Animal Numeracy
"What Do Animals Think about Numbers?" by Marc D. Hauser, in American Scientist (Mar.–Apr. 2000), P.O. Box 13975, Research Triangle Park, N.C. 27709–3975.
More than 1,000 rhesus monkeys live on the Puerto Rican island of Cayo Santiago. Hauser, a psychology professor at Harvard University and the author of Wild Minds (2000), gave some of the wild monkeys there an arithmetic test. He and his students conspicuously placed two bright purple eggplants behind a screen but when they removed the screen the monkeys might behold one, two, or three eggplants. Just as human infants had done in similar tests, the monkeys tended to look longer when one or three eggplants appeared instead of the expected two.
From those and other experiments, Hauser says, it appears that wild rhesus monkeys, like human infants, can distinguish among one, two, three, and many objects. Other research, moreover, has shown that with training, monkeys and other animals can develop more sophisticated numerical abilities. Pigeons and rats, for instance, have learned to peck or press a button 24 times, no more, no less, to obtain a food pellet. Recent experiments by Columbia University psychologists demonstrated that captive rhesus monkeys can grasp the ordinal relations among the numbers one to nine and indicate the proper numerical order for various quantities of different images. "The rhesus monkeys’ performance was excellent—but only after receiving hundreds of training trials," notes Hauser.

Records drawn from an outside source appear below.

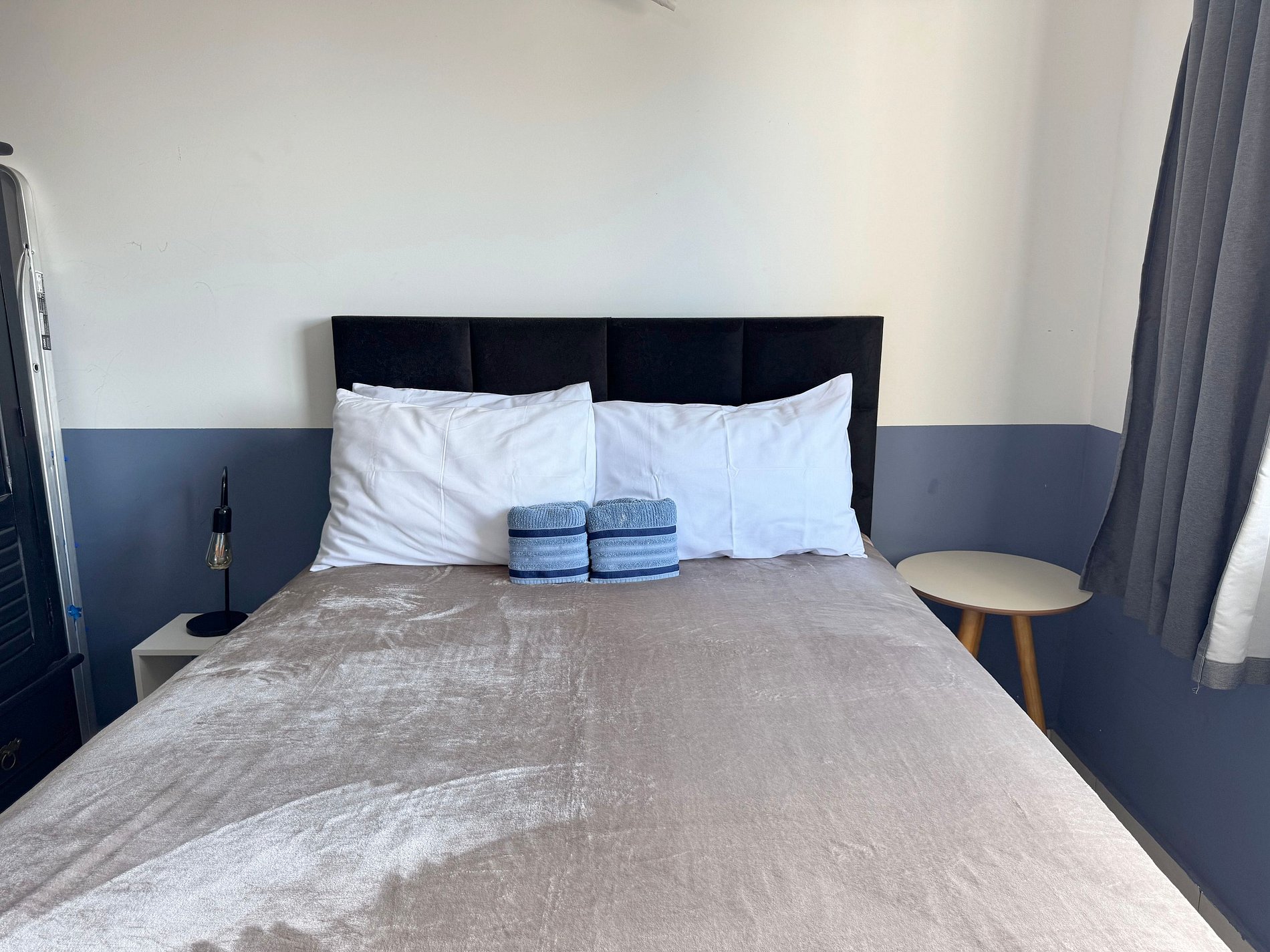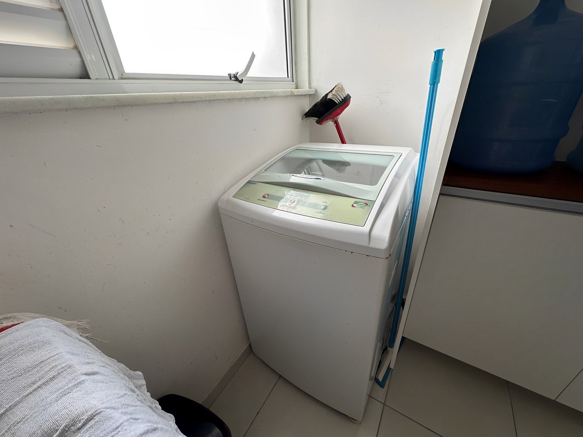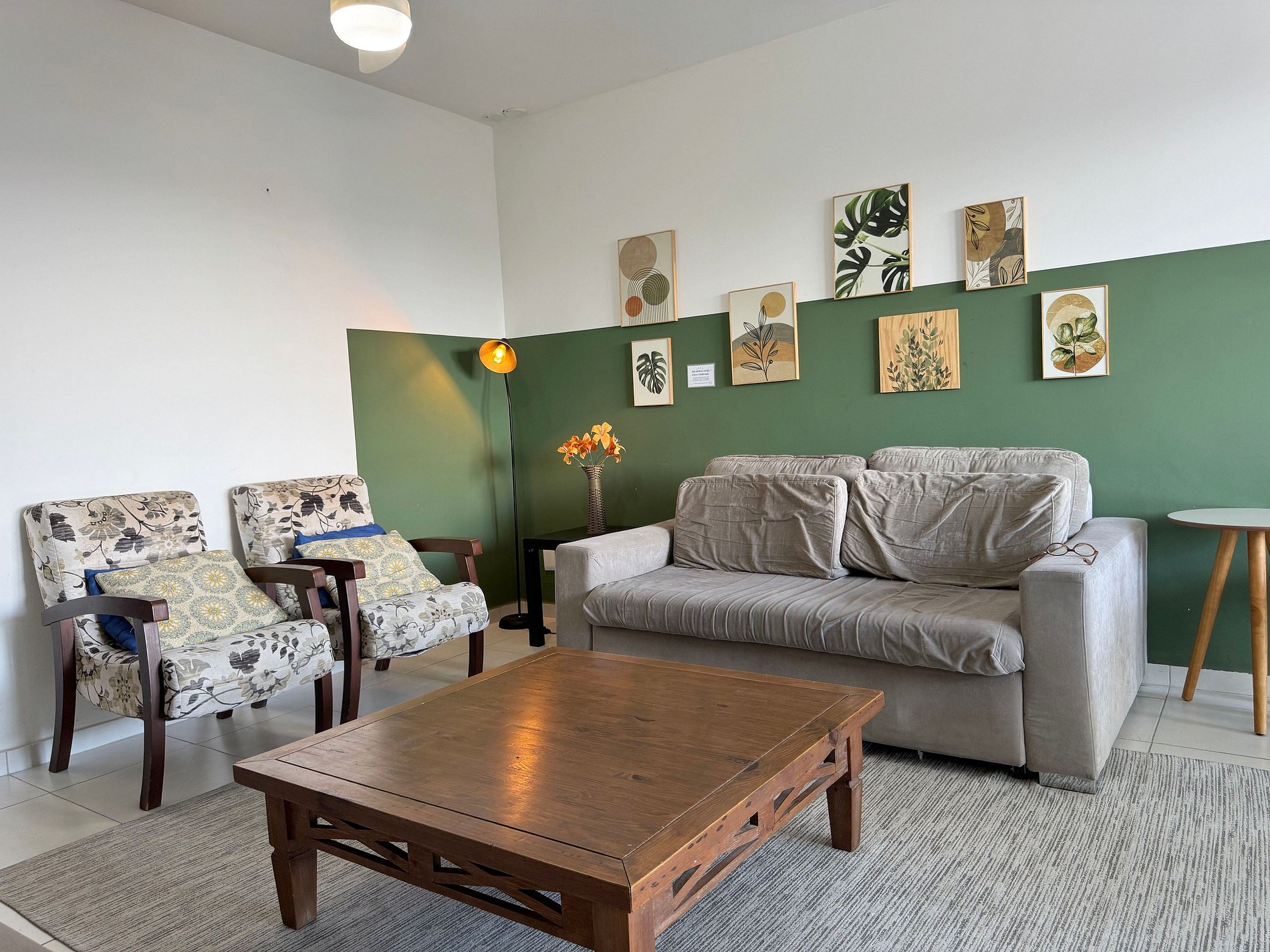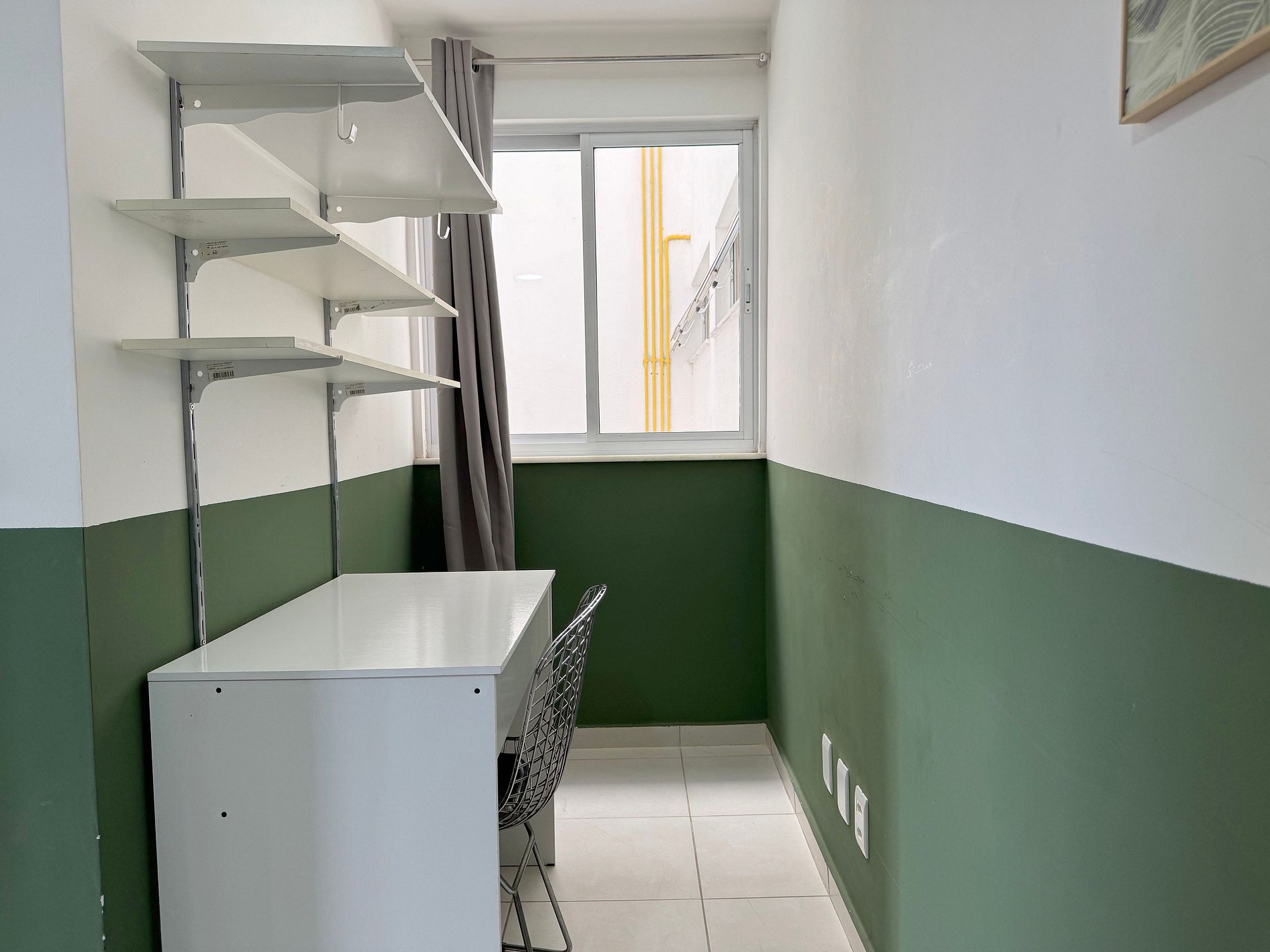 Apartamento com 3 quartos, sendo 2 quartos com ar-condicionado, incluindo a suíte e 1 quarto com ventilador de teto, cozinha completa, sala e varanda.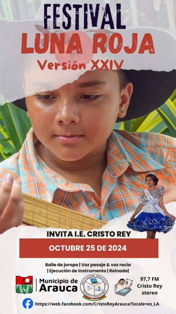La Institución Educativa Cristo Rey de Arauca te invita a vivir una nueva versión de nuestro tradicional Festival Luna Roja, este 25 de octubre, donde celebraremos con orgullo lo mejor del folclor llanero.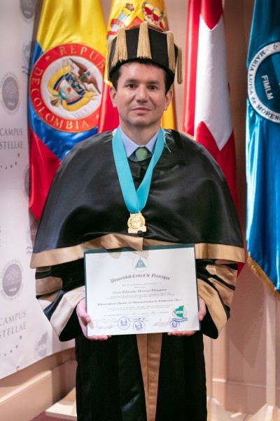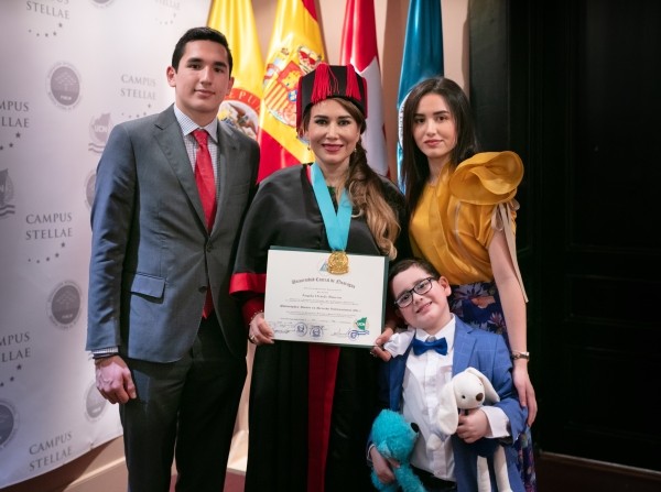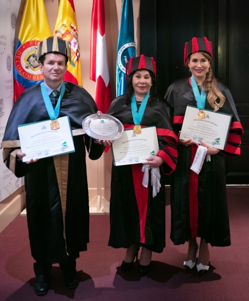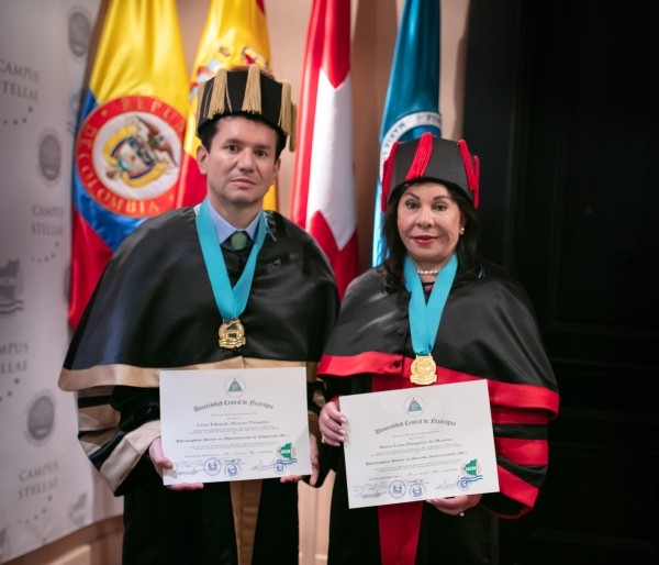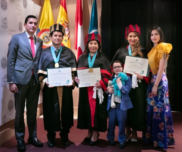 Igualmente, recibieron su título de doctorado académico, el Dr. César Eduardo Moreno, miembro del Consejo de Fundadores de la Fundación Internacional María Luisa de Moreno, Ph. D. en Administración de Empresas; y la Dra. Ángela Oviedo Rincón, vicepresidenta mundial de la Fundación, Ph. D. en Derecho Internacional.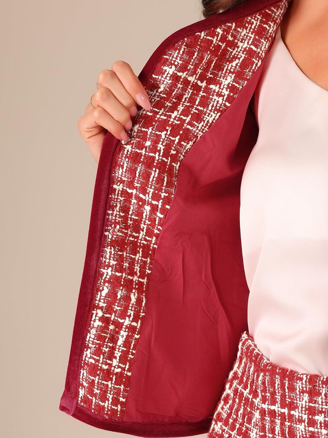 Allegra K Business Suit Set for Women’s 2 Piece Outfits Plaid Tweed Easter Short Blazer Jacket and Skirt Sets(Red)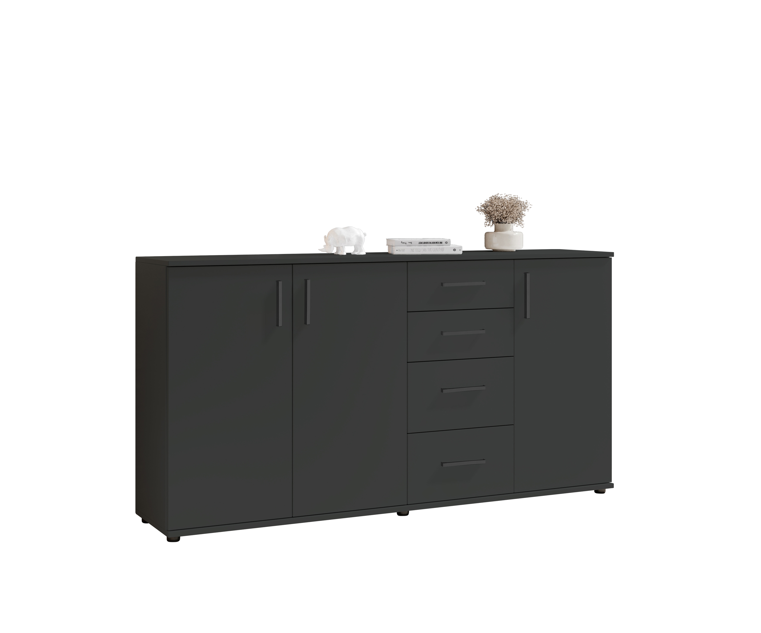 Gefertigt aus robuster Spanplatte mit pflegeleichter Beschichtung ist die BC 1040 langlebig und stabil. Drehtüren, Schubladen mit Kugelauszügen und ein belastbarer Einlegeboden bieten gut strukturierten Stauraum für Kleidung, Geschirr, Deko oder Unterlagen – ideal für eine aufgeräumte Wohnatmosphäre.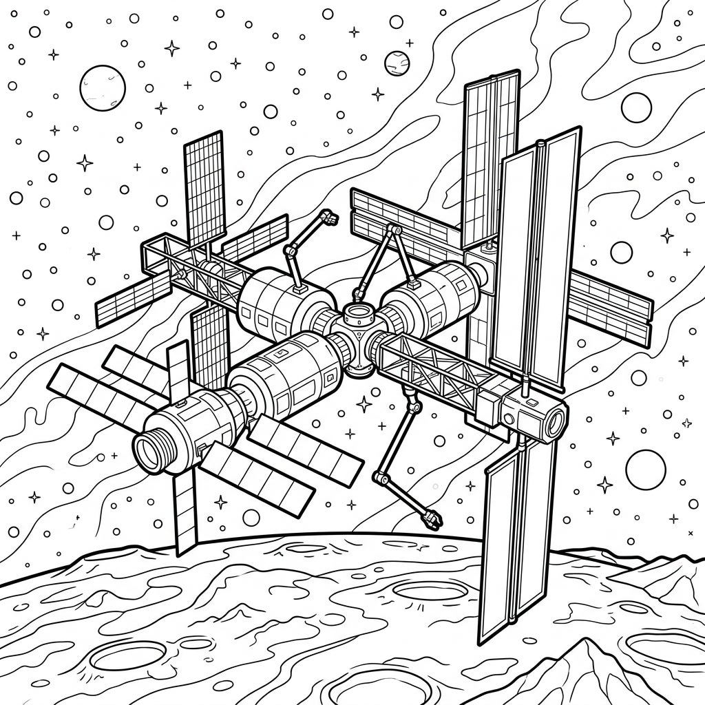 Bring this celestial masterpiece to life with a palette inspired by the cosmos. Use metallic silvers, deep space blues, and stark whites for the station's hull, and warm golds or rich yellows for the solar panels. Experiment with gradients for the nebulae and varied shades of grey for the Moon's textured surface. Don't forget to make the stars twinkle with bright yellows or even glitter, letting your imagination soar as you personalize this epic journey through space.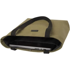 Torba na zakupy wykonana z płótna z recyklingu z certyfikatem GRS, z podszewką z RPET z certyfikatem GRS. Ta uniwersalna torba na zakupy posiada wyściełaną przegrodę na 15-calowego laptopa i dwie kieszenie wewnętrzne na telefon, portfel lub akcesoria, a także łatwe zapięcie na guzik i wygodne bawełniane uchwyty. Ozdobna metalowa płytka może sprawić, że logo będzie świecić dzięki subtelnemu i matowemu wykończeniu.

Though the situations that animals confront in the wild may call for limited numerical abilities—chimpanzees, for instance, insist on "strength in numbers" (at least three adult males) before they’ll attack an intruding chimp from another pack—they apparently do not require the numerical precision and skills found in humans. This prompts Hauser to ask: "What kind of evolutionary or ecological pressures would have favored the numerical competence found in Homo sapiens?" His admittedly speculative answer: When trading appeared on the scene, precision became necessary to ensure a fair exchange. "Selection favored those individuals capable of enumeration and combinatorial computation with symbols." And thus, he says, was the groundwork laid for algebra, calculus, and set theory.